* _About this exercise_: Would you retype the lines from the one that holds "mudel: '2', aasta: 2022" to the final line of the entries below, both ends included and exactly as written, but without pictures?

↓↓↓

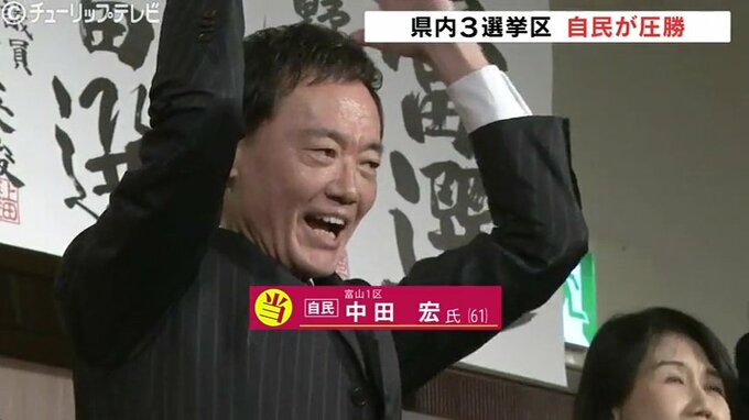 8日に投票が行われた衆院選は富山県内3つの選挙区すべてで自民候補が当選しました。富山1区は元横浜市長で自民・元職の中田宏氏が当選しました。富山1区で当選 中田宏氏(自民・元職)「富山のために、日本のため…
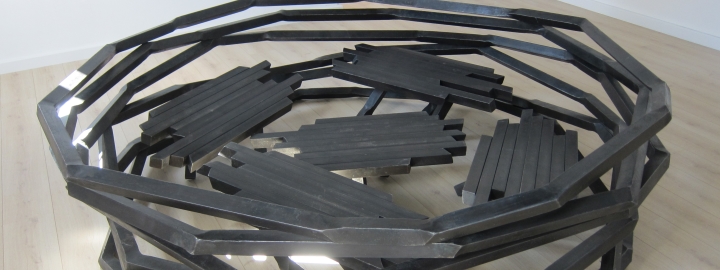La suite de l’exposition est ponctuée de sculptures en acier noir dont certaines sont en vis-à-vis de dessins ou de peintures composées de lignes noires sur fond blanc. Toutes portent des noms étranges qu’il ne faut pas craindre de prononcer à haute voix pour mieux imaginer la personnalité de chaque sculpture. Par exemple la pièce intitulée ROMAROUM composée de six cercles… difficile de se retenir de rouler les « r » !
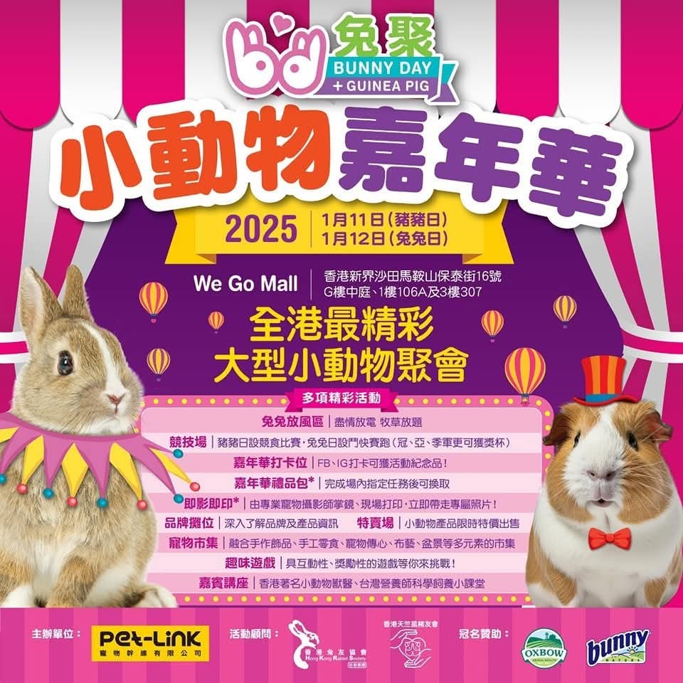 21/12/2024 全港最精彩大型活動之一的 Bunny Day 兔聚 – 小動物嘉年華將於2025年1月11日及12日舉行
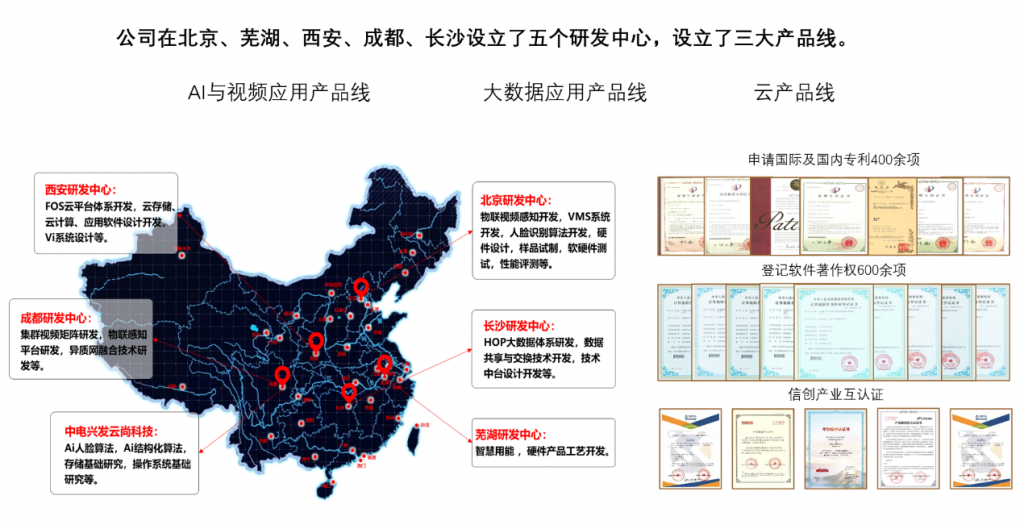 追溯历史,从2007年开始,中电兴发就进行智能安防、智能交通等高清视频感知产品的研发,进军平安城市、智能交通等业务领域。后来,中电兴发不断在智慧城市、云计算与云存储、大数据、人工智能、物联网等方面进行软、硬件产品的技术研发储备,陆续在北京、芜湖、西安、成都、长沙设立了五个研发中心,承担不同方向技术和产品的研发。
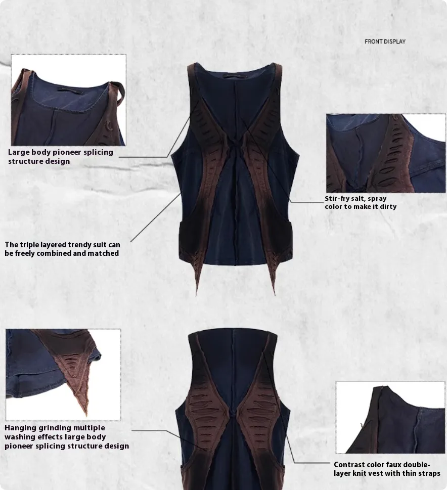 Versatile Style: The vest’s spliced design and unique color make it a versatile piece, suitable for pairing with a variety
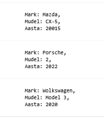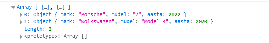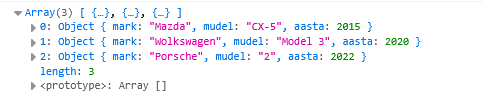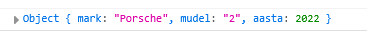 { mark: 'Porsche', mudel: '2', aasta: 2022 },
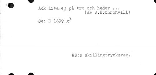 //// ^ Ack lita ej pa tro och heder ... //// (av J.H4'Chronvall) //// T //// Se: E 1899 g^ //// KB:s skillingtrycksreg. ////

↑↑↑

* _Output_:
 { mark: 'Porsche', mudel: '2', aasta: 2022 },
 //// ^ Ack lita ej pa tro och heder ... //// (av J.H4'Chronvall) //// T //// Se: E 1899 g^ //// KB:s skillingtrycksreg. ////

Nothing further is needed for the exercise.